(500b) Whole Organ 3D Microenvironment As a Regulatory Cue for Pancreatic Differentiation of Embryonic Stem Cells

Introduction: Type I Diabetes affects over 1 million people in the United States. While islet transplantation has proved to be a promising therapeutic strategy, it is still hindered by lack of donor tissue. Embryonic stem cells (ESCs) have emerged as an alternative cell source owing to its virtually unlimited replicative capacity and the potential to differentiate into a variety of cell types, including islet-cells.  However, ESC derived islet-cells are currently limited in their yield and functionality. Current differentiation strategies primarily involve various growth factor/ inducer/ repressor concoctions with less emphasis on the substrate. Governed by the understanding that the extracellular matrix (ECM) proteins and architecture significantly influences specific cellular behaviors, we hypothesize that organ specific ECM microenvironment plays an important role in organogenesis. In this project we are testing our hypothesis by inducing pancreatic differentiation of hESCs in 3 different whole organ derived ECM scaffold: native organ – pancreas; alternate endoderm derived organ – liver; mesoderm derived organ – heart.

Materials and Method: Cadaveric pancreata, livers and hearts were isolated from adult mice (n=8) and mounted on a perfusion apparatus. Ionic detergent, 0.1% SDS was perfused until tissues were translucent and white in color (2 hours). Cell nuclei post-decellularization was quantified via DAPI staining and PicoGreen DNA assay. Immunofluorescence and histology were done to characterize the retention of the extracellular matrix (ECM) protein before and after decellularization. Ultrastructure and the macroscopic three-dimensional architecture of organ-derived ECM scaffolds were characterized using electron microscopy. To examine cell-matrix interaction, whole organ decellularized pancreas, liver or heart were seeded with hESC-derived endodermal cells (3x10⁶ cells) and cultured in pancreatic differentiation medium with growth factors induction. Recell constructs (n=3) were then mounted on a perfusion apparatus to allow dynamic culture for 4 days and 12 days. Whole organ recell constructs were analyzed using immunohistochemistry, TUNEL, and qRT-PCR.

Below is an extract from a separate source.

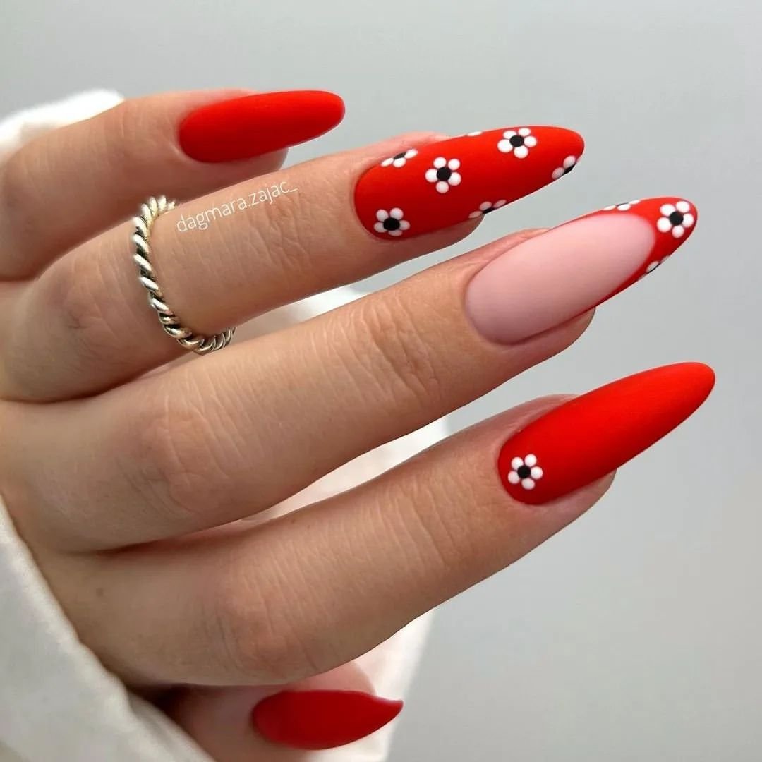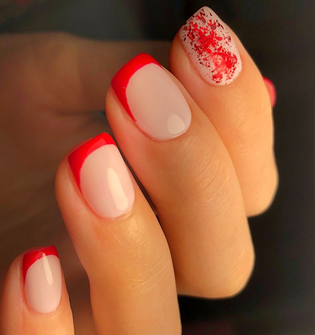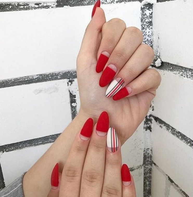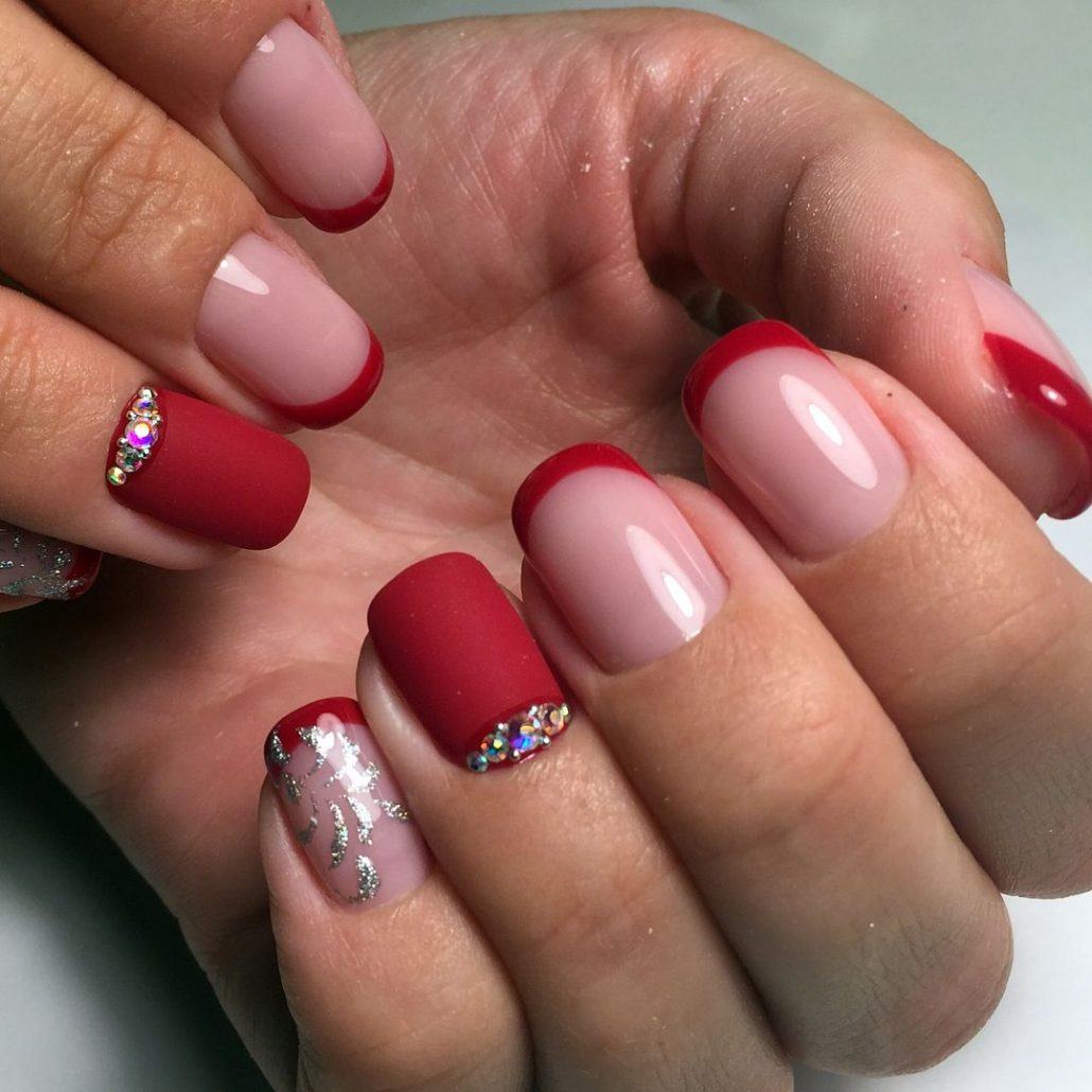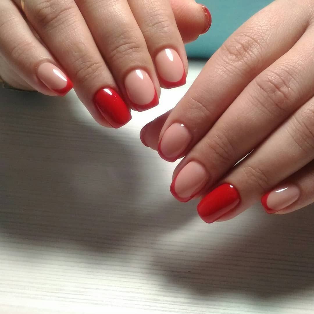 Еще одна модная тенденция — сочетание однотонного маникюра и френча. Например, вы можете сделать классический френч и выделить один ноготок красным цветом. Или наоборот — все ноготки покрыть красным матовым лаком, за исключением 1-2 на каждой руке. Их стоит оформить во французском стиле

Results and Discussion: Perfusion decellularization with 0.1% SDS resulted in complete decellularization of pancreas, liver and heart. DAPI staining and DNA quantification confirmed the removal of cells and residual DNA. Microstructure and major ECM components such as collagen I, collagen IV, fibronectin and laminin were preserved. In all the repopulated whole organ constructs, hESC derived DE cells were found engrafted - evidenced by positive hNuclei staining from IHC. Low apoptotic cells were detected (<10% TUNEL positive) in all three repopulated constructs. qRT-PCR of hESC differentiated on pancreatic matrix showed 52.7±10.8 fold increase in PDX1, pancreatic gene expression, and 92.7±12.7 fold increase in insulin gene expression compared to Matrigel (Fig. 1). Cells found engrafted in the pancreatic matrix were positive for PDX1 and C-peptide from immunostaining - confirming the differentiation of engrafted hESC into insulin-expressing cells. Compared to pancreatic matrix, qPCR of recellularized liver and heart construct gave lower expression of pancreatic gene expression. Immunostaining results were consistent with qPCR result – with low PDX-1 and C-peptide expression found in liver and heart recell constructs.

Conclusions: Perfusion-decellularization of cadaveric pancreas, liver and heart efficiently removes cells while retaining ECM protein and microstructure. Tissue-specific three-dimensional spatial organization and ECM composition drives cell fate differently with pancreatic matrix being the preferred ECM substrate for pancreatic differentiation. Further proteomic studies are underway to establish comprehensive and mechanistic differences between the ECM composition of endoderm organs (pancreas and liver) and mesoderm organs (heart) to better understand the cell-matrix interactions that contributed to the specific differentiation of hESC.